Direct Support - Facebook is introducing a 1:1 chat support service with developers on staff.  They have opened this up to anyone at F8 with 6 months free.  Going to try this out.

Login Manager - With the updates to the SDK comes a new component that seems to abstract away some of the complexity of dealing with sessions and authentication in iOS and Android apps.  Pretty interesting an worthy of time.  

user_posts permission - Looks like you will be able to request permission to dig into a users news feed and related graph nodes/edges.  Pretty interesting and powerful.  I could definitely see value to crunching it for things like sentiment analysis, pro-active CS engagement, and interests & recommendations.

Providing a Great Login Experience - this was the most valuable topic I thought.  They talked about the practice of "requiring" permissions and how it sours the user experience.  Some may be truly required, but usually they are not.  They also talked about how low the "decline" rates are with permissions and how it's not worth hard requires that block the user from proceeding.  The framework they discussed for designing a login flow was "Value, Respect, Reliable".  Value refers to communicating the value of sharing your information and they used Shazam as the example.  Respect refers to being respectful of you users' right to privacy and allowing them an experience while they "get to know" your app/company/service.  Reliability refers to the testing and thorough work put into your flow - if it's not bug-free, intuitive and fast, it's a big problem.  None of this is rocket science, but was a good reminder that this is the first impression you have with new users, make it count.

Session 3: Facebook Messenger

The session itself was a little disappointing. I was expecting more out of it and it was just kind of "ok".  There were some promising nuggets and food for thought in the broader announcements around messenger as a platform and messenger for business.

Messenger as a platform - the big thing here is sharing through messenger and allowing a conversation to take place from your app, through messenger and then back to your app.  I am not sure what this means for thredUP yet but some thoughts come to mind around "shopping with your friends", "building outfits for your friends", "gift lists" etc.

Messenger for business - this is the bigger opportunity I think.  It's early days but the gist of it is that a user could ask that we send a receipt to messenger for them.  This would deliver their receipt to their phone or to their inbox on facebook.  The user could then reply right there to ask questions or get help.  In addition, we could provide real-time fulfillment and shipping updates along the way and possibly ask for feedback post purchase.  They are currently focused on the after-sale experience but I would love to explore integrating with them in pre-sales for live onsite chat and maybe even co-browsing assistance.

Oculus

No real business application here yet - unless someone wants to hack on a 3D immersive shopping experience with Unity :)

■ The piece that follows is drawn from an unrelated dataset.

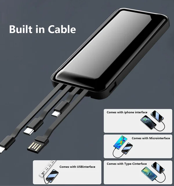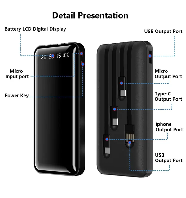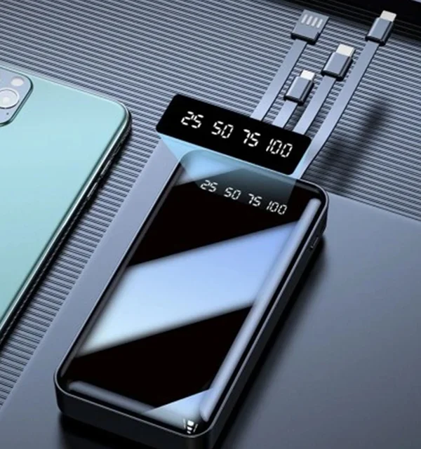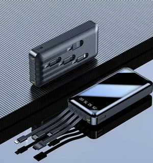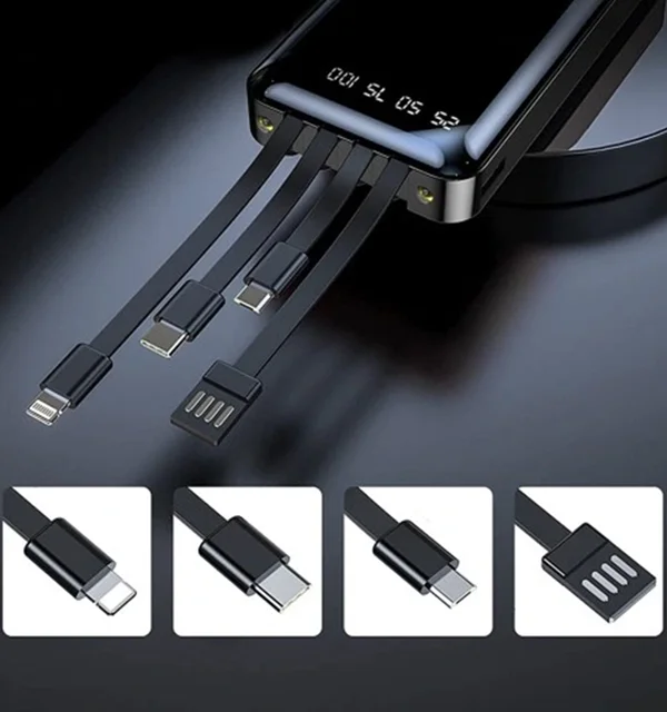 دارای 4 عدد کابل .تایپ سی .میکرو .لایتینگ .usb بر روی خود پاوربانک

But, the new demo - codenamed "Crescent Bay" was AMAZING.  I would love to set that up in the office in one of our conference rooms.  It was so completely immersive and it almost felt real.  There were times where I wanted to reach out and touch what I saw and in one scene with bullets, explosions and shrapnel flying in slow motion, I felt like I was in the matrix and needed to start dodging bullets.  Can't wait for it's release.